◆ Task goal: Starting with the line that contains "SDK包体可通过穿山甲媒体平", return every line through the end of the listing below exactly as written. Omit the pictures.

◆ Source data:
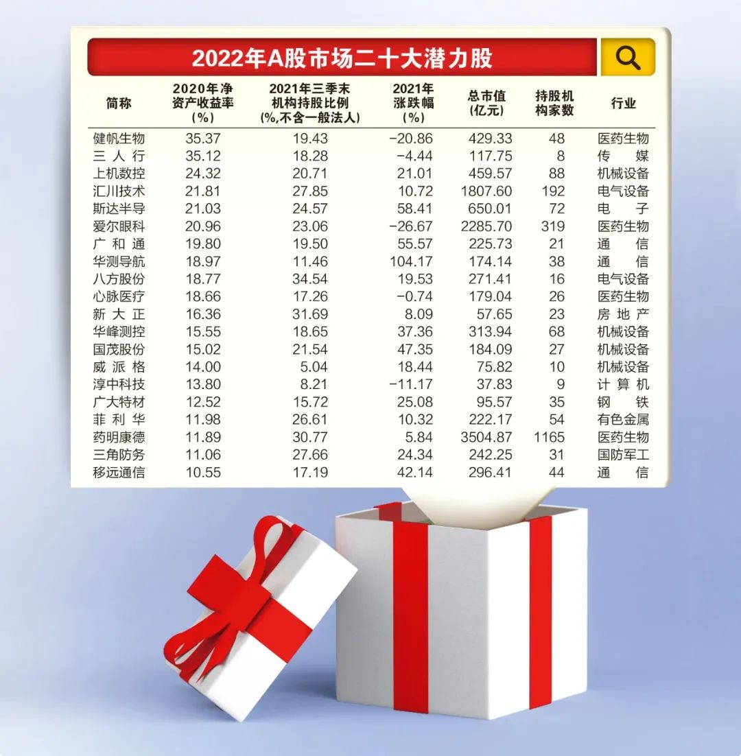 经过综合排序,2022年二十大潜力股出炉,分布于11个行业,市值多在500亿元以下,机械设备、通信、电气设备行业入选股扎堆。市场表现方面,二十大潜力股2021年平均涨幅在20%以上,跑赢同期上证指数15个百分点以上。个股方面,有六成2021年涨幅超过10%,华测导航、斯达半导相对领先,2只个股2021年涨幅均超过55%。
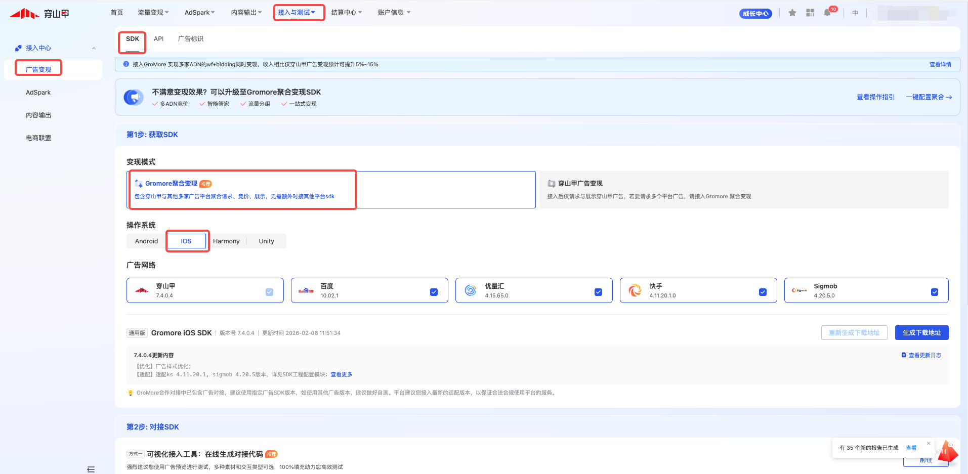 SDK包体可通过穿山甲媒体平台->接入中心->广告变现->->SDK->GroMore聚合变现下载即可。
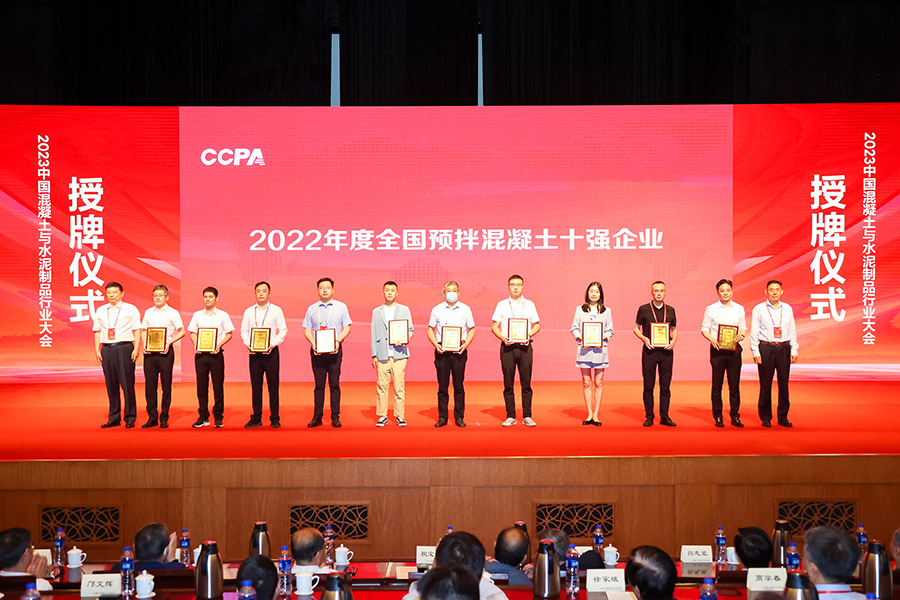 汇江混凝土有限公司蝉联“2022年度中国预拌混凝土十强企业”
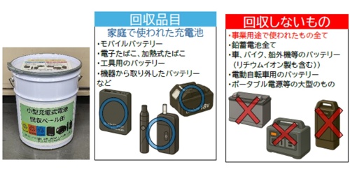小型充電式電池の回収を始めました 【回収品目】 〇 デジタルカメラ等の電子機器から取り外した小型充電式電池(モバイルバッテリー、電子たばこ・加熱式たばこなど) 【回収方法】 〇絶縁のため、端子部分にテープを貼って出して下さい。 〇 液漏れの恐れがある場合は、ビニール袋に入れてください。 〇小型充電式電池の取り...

◆ Solution to this exercise:
 SDK包体可通过穿山甲媒体平台->接入中心->广告变现->->SDK->GroMore聚合变现下载即可。
 汇江混凝土有限公司蝉联“2022年度中国预拌混凝土十强企业”
小型充電式電池の回収を始めました 【回収品目】 〇 デジタルカメラ等の電子機器から取り外した小型充電式電池(モバイルバッテリー、電子たばこ・加熱式たばこなど) 【回収方法】 〇絶縁のため、端子部分にテープを貼って出して下さい。 〇 液漏れの恐れがある場合は、ビニール袋に入れてください。 〇小型充電式電池の取り...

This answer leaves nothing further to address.